The fact that the judges had interrupted their recess to rule on the case showed just how seriously the matter was taken.

Said one human rights lawyer: "This is very bad news for the government's strategy. They were so desperate not to implement the court order, but now they have finally come unstuck."

Lawyers said the government's insistence that the courts had no say over policy matters was incorrect.

They pointed out that the relations between the two arms of government have been strained in the past by judicial rulings that have not been to the government's liking.

The most prominent of these was the so-called Grootboom case of 2000 in which the government - against its wishes - was forced to provide shelter for a group of squatters at Wallacedene in Western Cape.

That case, said Judge Zac Yacoob, "shows the desperation of hundreds of thousands of people living in deplorable conditions throughout the country. The constitution obliges the state to act positively to ameliorate these conditions.

"I stress, however, that despite all these qualifications there are rights, and the constitution obliges them. This is an obligation the courts can, and in appropriate circumstances must, enforce."

Instead of persuading the court that it had a plan to expand the reach of a drug that has proven to be successful, the government and its lawyers came across as defensive.

"It was clear that no programme has been developed and no certainty of policy exists. They were not able to convince the court that they were serious," Gutto said.

"Instead they came across as defensive and not proactive."

Gutto expected the court to make a major constitutional pronouncement on the division of responsibilities between the executive and the judiciary.

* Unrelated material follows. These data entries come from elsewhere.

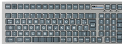
S99C TASTIERA A MEMBRANA 99 TASTI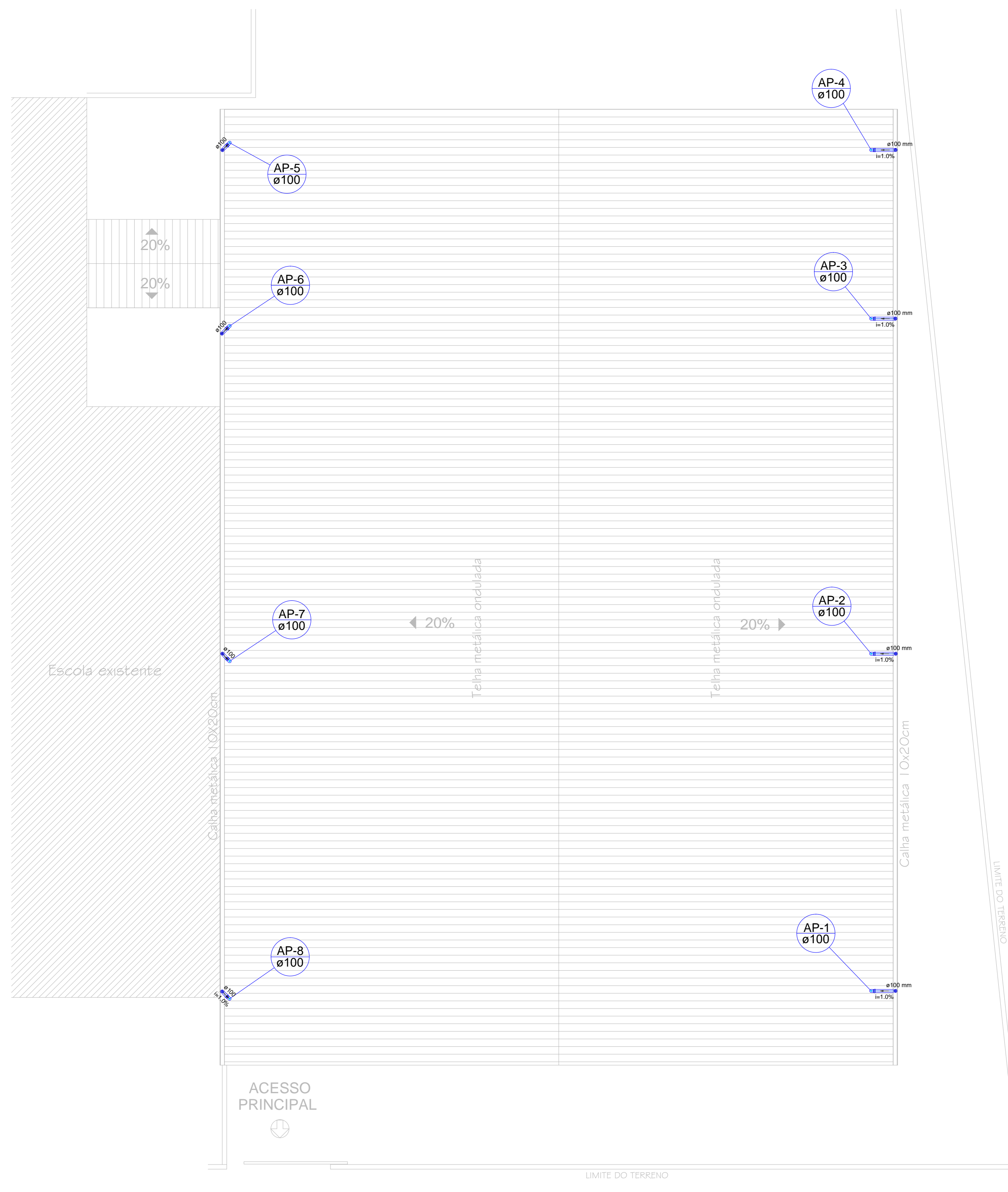
Planta - Cobertura Esc.: 1:100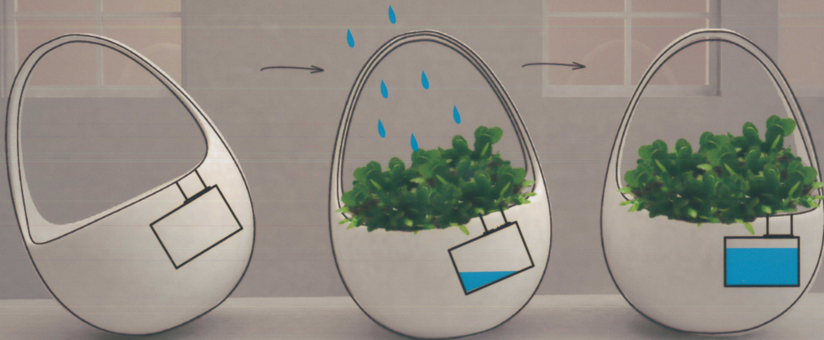
內有比重配置 當植物缺水時花盆傾向一邊

養植物時，常常因為忘記澆水而讓植物枯萎，此產品藉由趣味的方式來達到提醒孩童澆水的目的。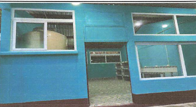
FOTO 11: PRESENTACION VISTA FRONTAL DE CULMINACION DE PROYECTO DE COCINA.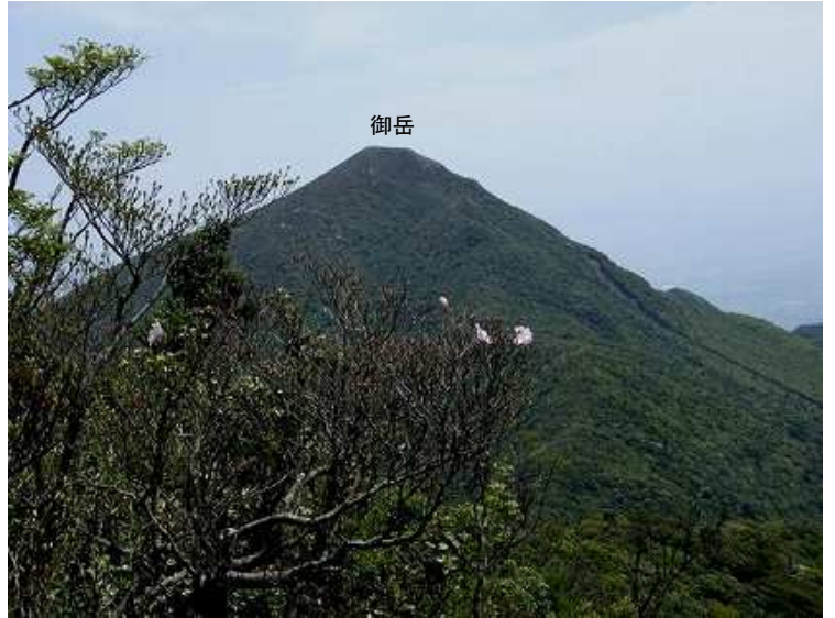
妻岳から御岳を望む

Geoff Budlender of the Centre for Legal Resources constitutional unit said the judges had clearly relied on the Grootboom ruling. In both cases the government was ordered to take "reasonable measures" to ensure that the rights contained in the constitution were enforced.

Tshabalala-Msimang - in marked contrast to her reaction to the high court ruling - hastened to accept the judgment this week. She said: "Government respects and accepts this judgment."

Mbeki strongly defended the government's Aids position, despite the court's ruling.

He came out guns blazing in his weekly online column in ANC Today, in an apparent attack on the Treatment Action Campaign.

"We are told we must accept the harm these persons cause, and their insult of an entire people, as the very essence of free democratic expression. Despite the propaganda offensive, the reality is that the predominant feature of illnesses that cause disease and death among the black people in our country is poverty."